Install Pandoc, then bulk-convert from your Word folder to docs/:

cd /path/to/word-docs
mkdir -p ~/repo/docs/imported

for f in *.docx; do
  base=$(echo "${f%.docx}" | tr '[:upper:]' '[:lower:]' | tr ' ' '-')
  pandoc -f docx -t gfm \
    --extract-media="$HOME/repo/docs/images" \
    "$f" -o "$HOME/repo/docs/imported/$base.md"
done

This kebab-cases filenames and dumps images in a shared folder. For more on bulk strategy see convert multiple Word documents.

Step 3: Restructure

The Word folder structure usually doesn't match the docs structure you want. After the bulk conversion, spend an hour reorganising. Move files into getting-started/, guides/, reference/, tutorials/. Drop docs that are obsolete. Merge docs that overlap. Rename for clarity.

This is the highest-leverage hour of the whole migration. The Word library is probably an organic mess of historical docs; the new docs/ folder should be intentional.

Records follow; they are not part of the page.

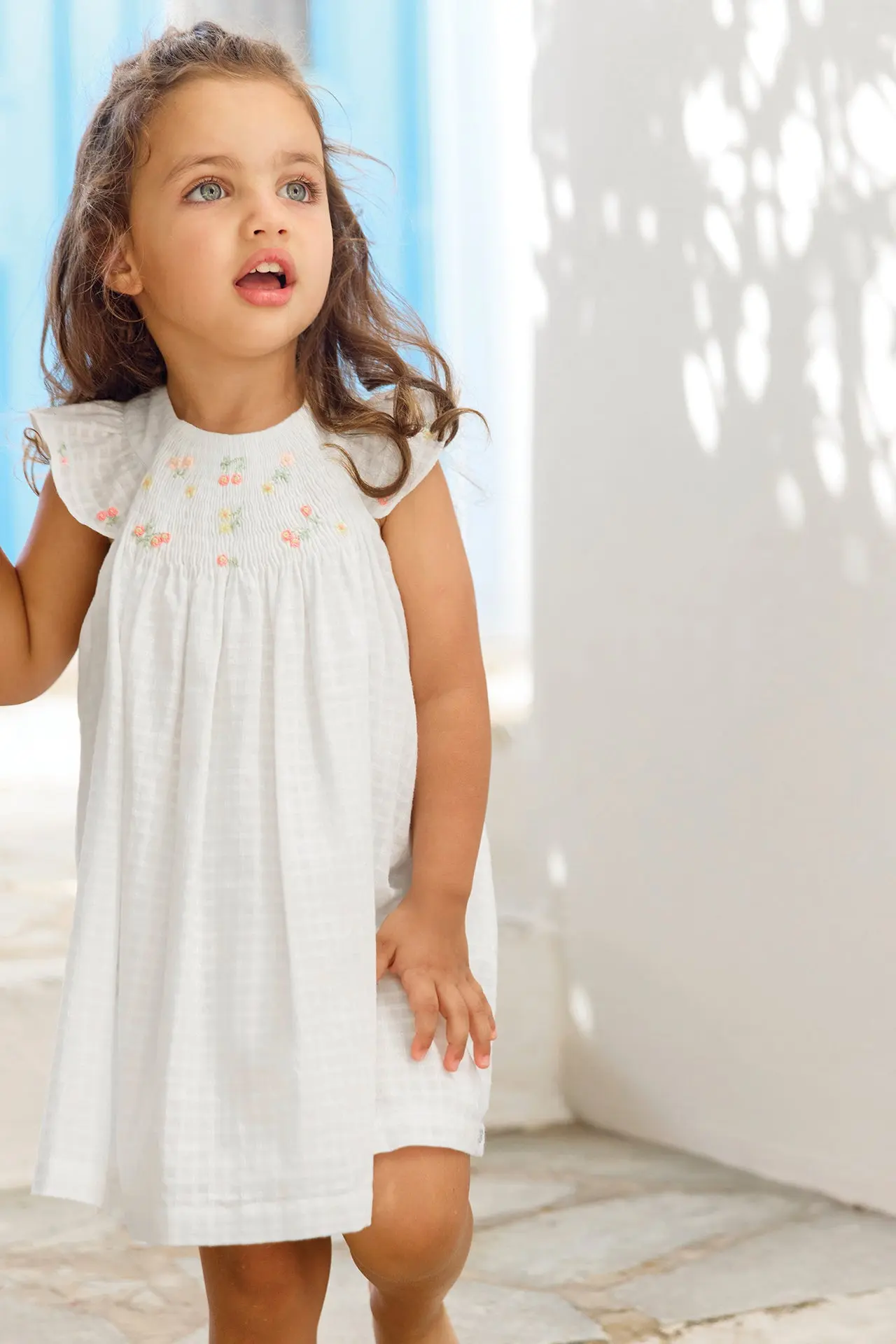 This Dress white is a real enchantment with its hand floral embroidery and its shaped veil. Perfect for a little one in a "fantastic baby garden", it offers refined elegance with its smock details and Buttons in the back. Ideal for special occasions, it combines comfort and style, in 100% cotton.
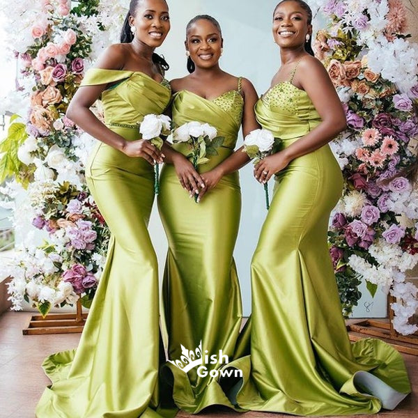One Shoulder Sweetheart Pleats Beaded Mermaid Wedding Guest Bridesmaid Dresses, WGM082
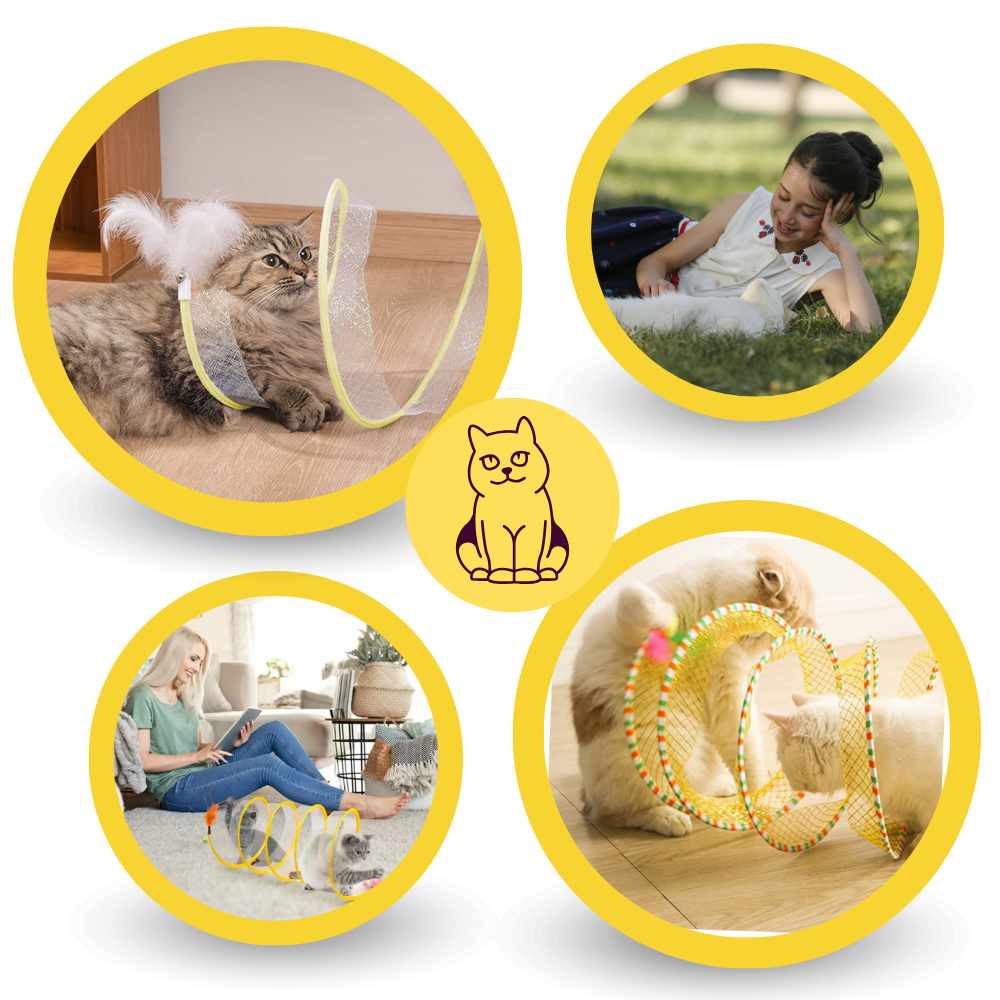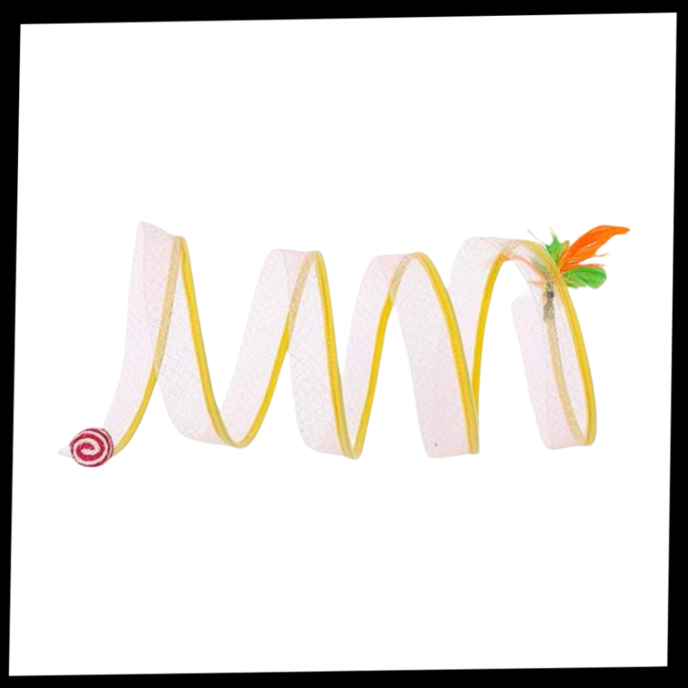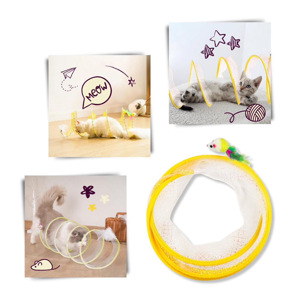 To address the common issue of feline inactivity and its associated problems, the Interactive Compact Cat Tunnel emerges as an innovative solution. Its unique spiral design and playful hanging toys at each end ignite your cat's curiosity and playfulness, offering an interactive experience that counters boredom effectively. This toy is tailored to cater to various feline playstyles, ensuring continuous engagement and providing a stimulating environment that keeps your cat active, entertained, and mentally stimulated, thus fostering a joyful and energetic household pet.
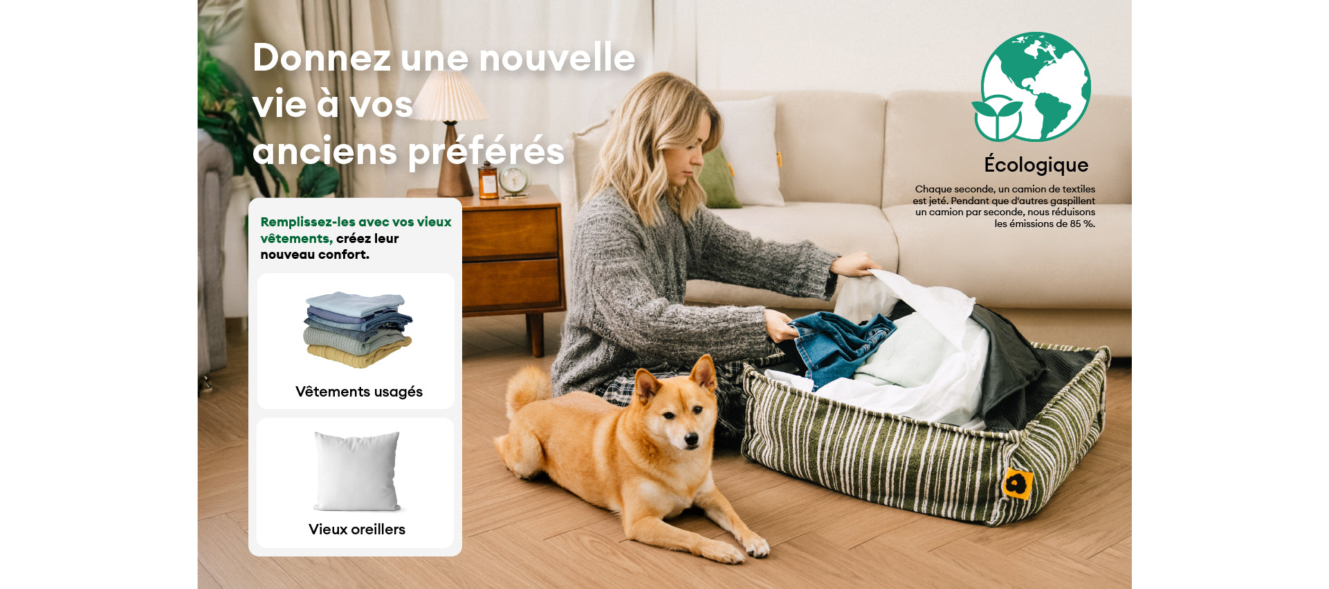 - Design recyclé, conçu avec soin : Offrez une belle seconde vie aux textiles pré-aimés. Un confort durable qui respecte votre animal et la planète.

Step 4: Add YAML frontmatter

Most static site generators (MkDocs, Docusaurus, Hugo, Jekyll) want frontmatter at the top of each .md:

---
title: "Authentication Guide"
description: "How to authenticate against the API using OAuth 2.0 and API keys."
weight: 20
tags: [auth, security, api]
updated: 2026-05-10
---

Bulk-add a stub frontmatter to every imported file with a script:

for f in docs/imported/*.md; do
  title=$(head -n 1 "$f" | sed 's/^# //' | sed 's/"/\\"/g')
  cat > "$f.tmp" <<EOF
---
title: "$title"
updated: $(date -I)
---

EOF
  cat "$f" >> "$f.tmp"
  mv "$f.tmp" "$f"
done

Then refine the frontmatter manually as you reorganise.

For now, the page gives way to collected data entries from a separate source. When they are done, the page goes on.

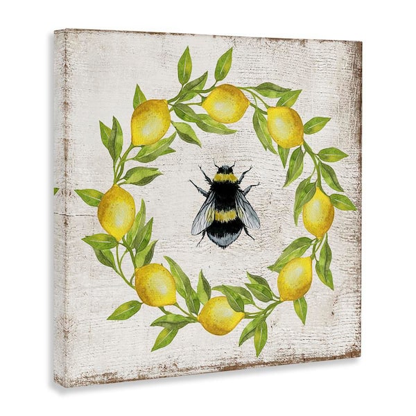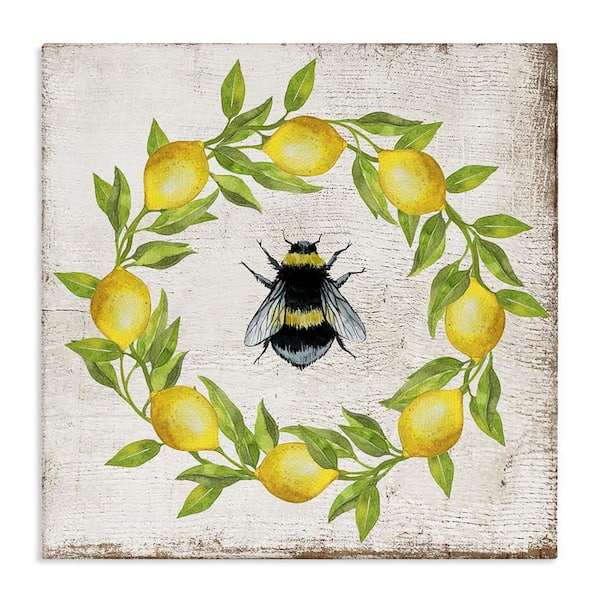 Lemon and Bee Wreath by Creatif Belle Unframed Animal Graphic Art Print 36 in. x 36 in.
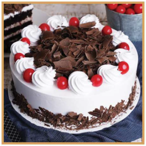 ₨ 3,600 – ₨ 4,800Price range: ₨ 3,600 through ₨ 4,800The Black Forest Vanilla Cake Is A Sweet Desert That Consists Of Layers Of Chocolate Sponges With Thick Whipped Cream Spread Smoothly In Between. The Cake Is Nicely Decorated With Dark Chocolate Shavings On Top Of Vanilla Icing, Creamy Vanilla Swirls And Maraschino Cherries.
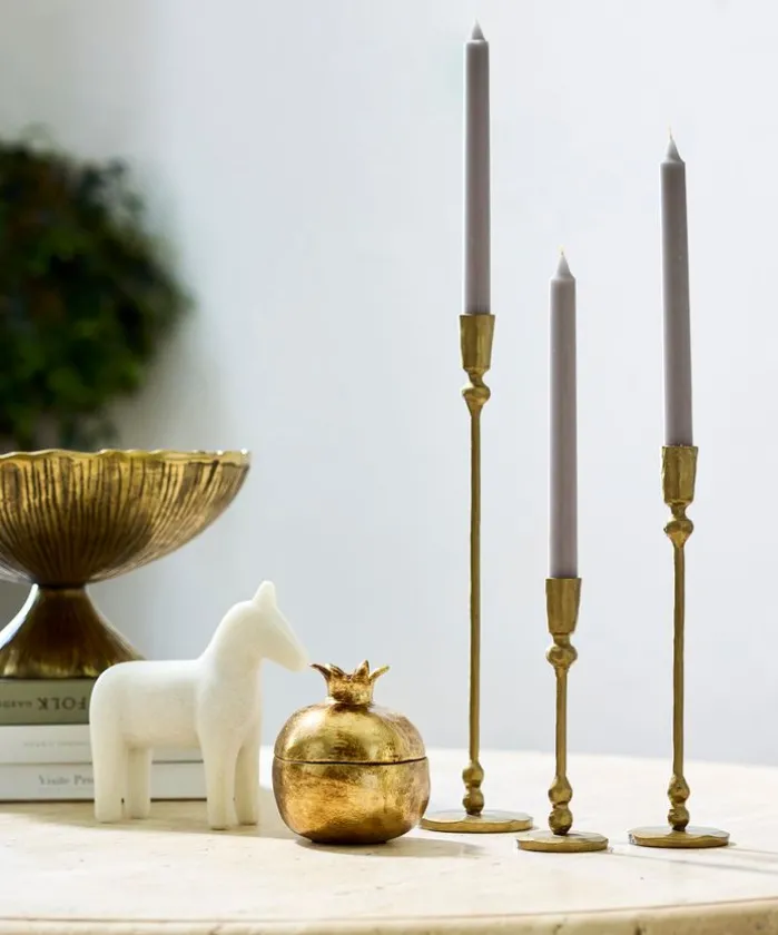 - Style Description:These elegant, gold-forged iron candlesticks will complement a range of interior styles from modern to classic. Cluster candlesticks together for an eye-catching and functional addition to your home décor.
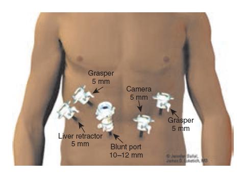 Initial port placement is performed with direct peritoneal visualization. A key technical point is that the first laparoscopic port inserted is placed away from any previous incisions. Regardless of location, an open technique is used for placement of the first port. Once a laparoscopic view of the peritoneal cavity is obtained, adhesiolysis is performed in the upper abdomen to allow usual port placement used for laparoscopic antireflux surgery. If dense adhesions are encountered, we generally add a more inferior and lateral port to allow better visualization and assist with the lysis of adhesions. After complete lysis of adhesions, we convert to our standard five (two 10-mm and three 5-mm) access ports (Figure 7).

Step 5: Add MkDocs (or Docusaurus)

MkDocs is the simplest path: pip install, write a YAML config, get a beautiful docs site for free. Install:

pip install mkdocs mkdocs-material

Create mkdocs.yml at the repo root:

site_name: My Project Docs
site_url: https://myproject.github.io
theme:
  name: material
  features:
    - navigation.tabs
    - search.suggest
    - content.code.copy
nav:
  - Home: index.md
  - Getting Started:
    - Installation: getting-started/installation.md
    - Quickstart: getting-started/quickstart.md
  - Guides:
    - Authentication: guides/authentication.md
    - Deployment: guides/deployment.md
  - Reference:
    - API: reference/api.md
markdown_extensions:
  - admonition
  - pymdownx.superfences
  - pymdownx.tabbed
  - tables

Preview locally:

mkdocs serve

Open http://127.0.0.1:8000. For a deeper MkDocs walkthrough see build a MkDocs site from Word documents.

If you want React-flavored docs with versioning and i18n, use Docusaurus instead — same Markdown source files, different generator.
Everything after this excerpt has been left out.